Since no locking of "ACTIVE" records is required, none of the steps above will interfere with pipeline operation.  This means the pipeline can be restarted even if the clean-up process has not completed.

See "Oracle Database SQL Reference" (10gR2 version) pages 8-14 - 8-16 and "Oracle Administrator's Guide" (10gR2 version) pages 13-9 - 13-11 for information on the method and details of why concurrent activity is permitted.
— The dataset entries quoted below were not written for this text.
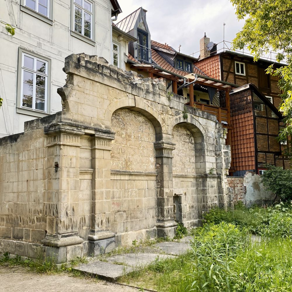 Außerdem sollte sich kein kunstsinniger Tourist den Halberstädter Domschatz entgehen lassen. Dieser gilt als einer der wertvollsten und reichhaltigsten in ganz Europa. Da das Museum nur bis 17 Uhr geöffnet hatte, sparte ich mir den allerdings für einen weiteren Besuch der Stadt auf. Stattdessen musste am Nachmittag endlich mal etwas Nahrung in den Körper und dazu suchte ich das ebenfalls nur bis 17 Uhr geöffnete Restaurant & Café Hirsch auf. Angrenzend an die letzten Ruinenreste der 1938 von den Nazis während der Reichspogromnacht zerstörten Synagoge, werden den Gästen dort süße wie auch herzhafte jüdische Spezialitäten geboten.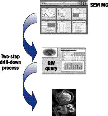 It takes some planning to determine the optimal BW queries and R/3 reports to link to certain MC graphs. For example, a summarized MC sales graph should have a more detailed (but not line item granularity) BW query assigned to it. This way a user can, for example, look at a corporate-wide sales revenue graph and drill into a BW query that lists sales revenues by region and by product. A deeper drill-down into R/3 would take the user into specific sales line items that cannot be seen in BW/SEM.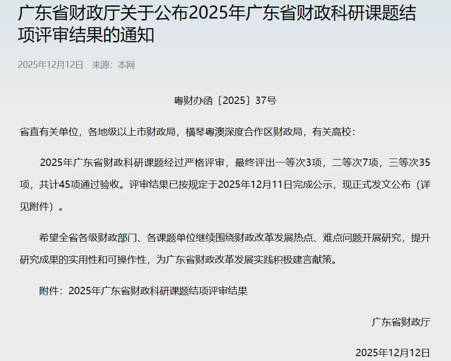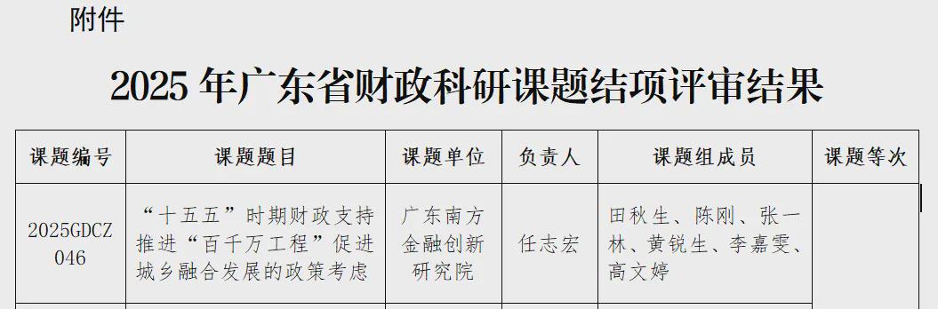 我院承担的2025年广东省财政科研课题《“十五五”时期财政支持推进“百千万工程”促进城乡融合发展的政策考虑》顺利结项。
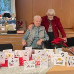 Direkt am Eingang des Raumes lag der Stand zweier Bewohnerinnen des Augustinums. Die 100-jährige Ruth Neumann verkaufte selbst gestrickte Strümpfe und Lesezeichen und wurde von ihrer 90-jährigen Freundin Rosemarie Blechschmidt unterstützt, die liebevoll präparierte Grußkarten mit Weihnachtsmotiven und getrockneten Blüten verkaufte. Der Erlös der Karten ging an die Christliche Hausgemeinschaft Düsseldorf e.V., die seit vielen Jahren Unterstützung für Menschen aus der örtlichen Drogenszene anbietet. Gegenüber gab es verschiedene Lebensmittel aus dem Hofheimer Weltladen sowie selbst gemachte Marmelade und den beliebten Neuenhainer Honig zu kaufen.
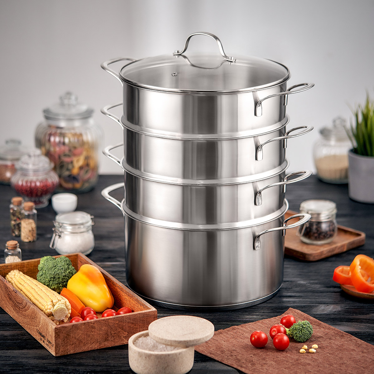 Состав: кастрюля с крышкой 28 х 15 см (объём 8,9 л), 3 уровня 28 х 10 см.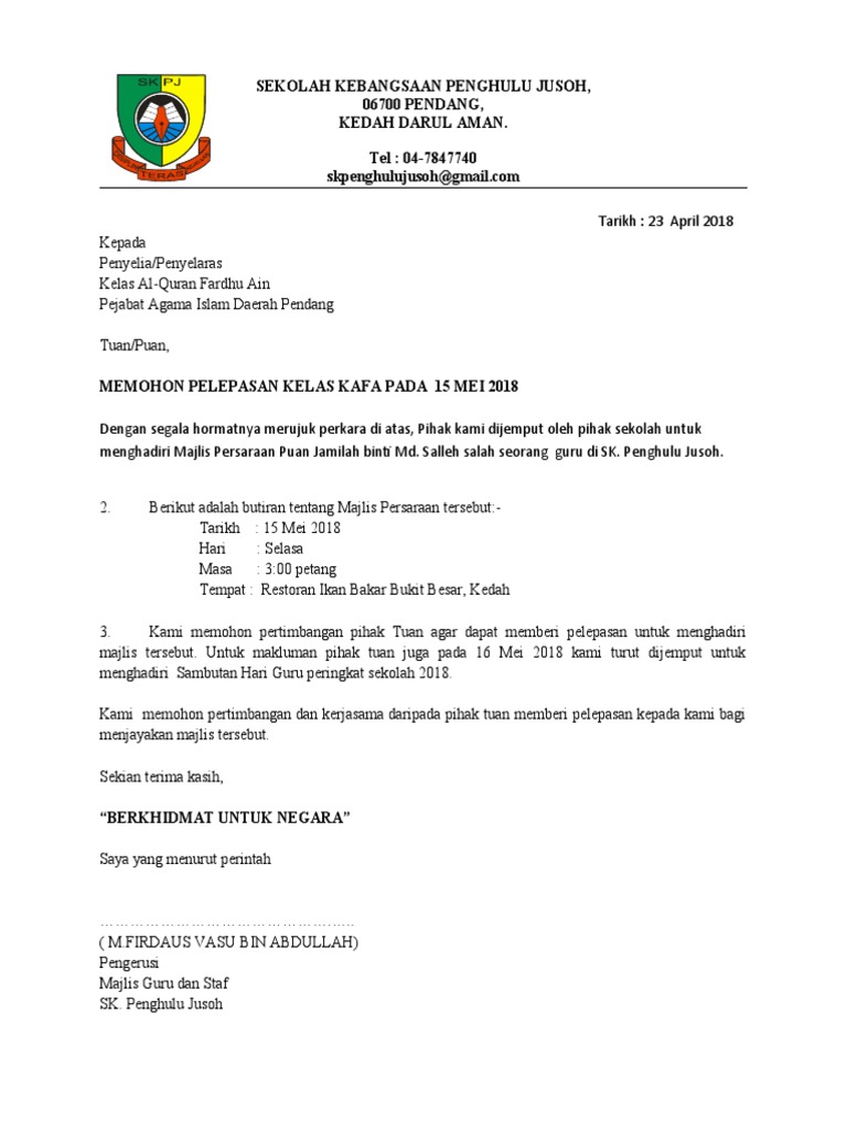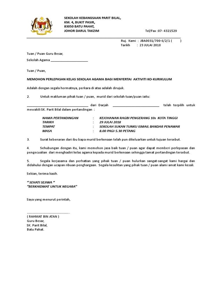 Surat Pelepasan Sekolah Agama Ragbi Pdf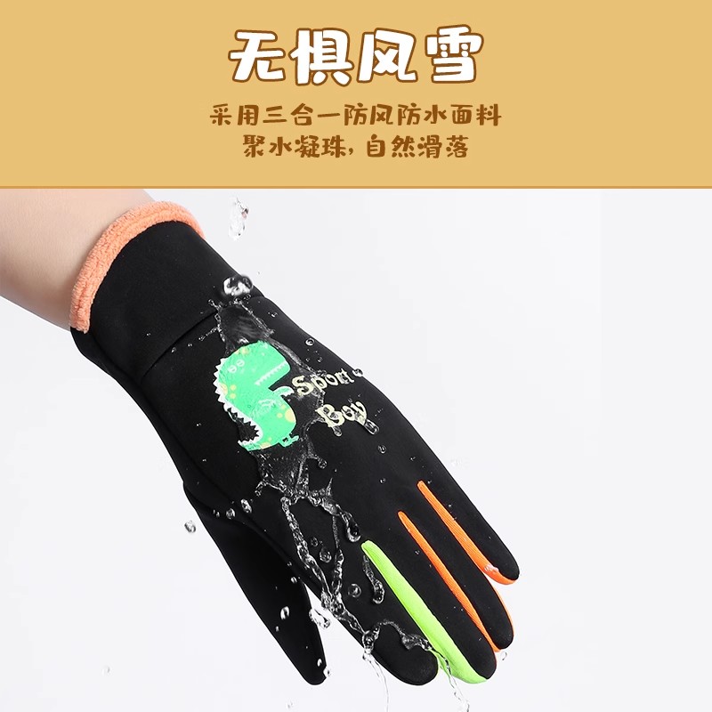 手套儿童秋冬季加厚加绒保暖小学生男童女孩骑车防风防水户外骑行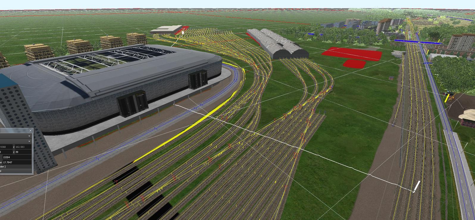 Byggnaderna är självfallet bara tillfälliga för att markera ut vilka spår som ska gå in i vagnhallarna.

Note:  I have already performed step 1, creating the constraints in "novalidate" mode.

To Do List:

The following constraints need to be created:

  • Log.ProcessInstance (on delete of parent, ->NULL)
  • DatasetVersion.ProcessInstance (on delete of parent, ->NULL)
  • Processinstance.Stream (cascade delete)
  • Process.Task (cascade delete)
  • Stream
    • .Task (cascade delete)
    • .ParentStream (cascade delete)
  •  Task.ParentTask (cascade delete)

SQL Code:

Log.ProcessInstance

This guy needs an "on delete set null" foreign key constraint:

alter table Log
    add constraint FK_Log_PI
    foreign key (ProcessInstance)
    references ProcessInstance (ProcessInstance)
    on delete set NULL
    enable novalidate;

select count(*) from Log;
select count(*) from Log L
    where not exists (select 1 from ProcessInstance PI where PI.ProcessInstance = L.ProcessInstance);

-- sanity check:  Make sure the second count is much smaller than the first!

update Log L
    set ProcessInstance=NULL
    where not exists (select 1 from ProcessInstance PI where PI.ProcessInstance = L.ProcessInstance);

-- sanity check:  make sure number of records updated is same as the 2nd count from above before commiting

commit;

alter table Log
    modify constraint FK_Log_PI
    validate;

DatasetVersion.ProcessInstance

This guy needs an "on delete set null" foreign key constraint:

alter table DatasetVersion
    add constraint FK_DSV_PI
    foreign key (ProcessInstance)
    references ProcessInstance (ProcessInstance)
    on delete set NULL
    enable novalidate;


select count(*) from DatasetVersion;
select count(*) from DatasetVersion DSV
    where not exists (select 1 from ProcessInstance PI where PI.ProcessInstance = DSV.ProcessInstance);

-- sanity check:  Make sure the second count is much smaller than the first!

update DatasetVersion DSV
    set ProcessInstance=NULL
    where not exists (select 1 from ProcessInstance PI where PI.ProcessInstance = DSV.ProcessInstance);

-- sanity check:  make sure number of records updated is same as the 2nd count from above before commiting

commit;

alter table DatasetVersion
    modify constraint FK_DSV_PI
    validate;

Processinstance.Stream

This guy needs an "on delete cascade" foreign key constraint:

alter table ProcessInstance
    add constraint FK_PI_Stream
    foreign key (Stream)
    references Stream (Stream)
    on delete cascade
    enable novalidate;

select count(*) from ProcessInstance;
select count(*) from ProcessInstance PI
    where not exists (select 1 from Stream S where S.Stream = PI.Stream);

-- sanity check:  Make sure the second count is much smaller than the first!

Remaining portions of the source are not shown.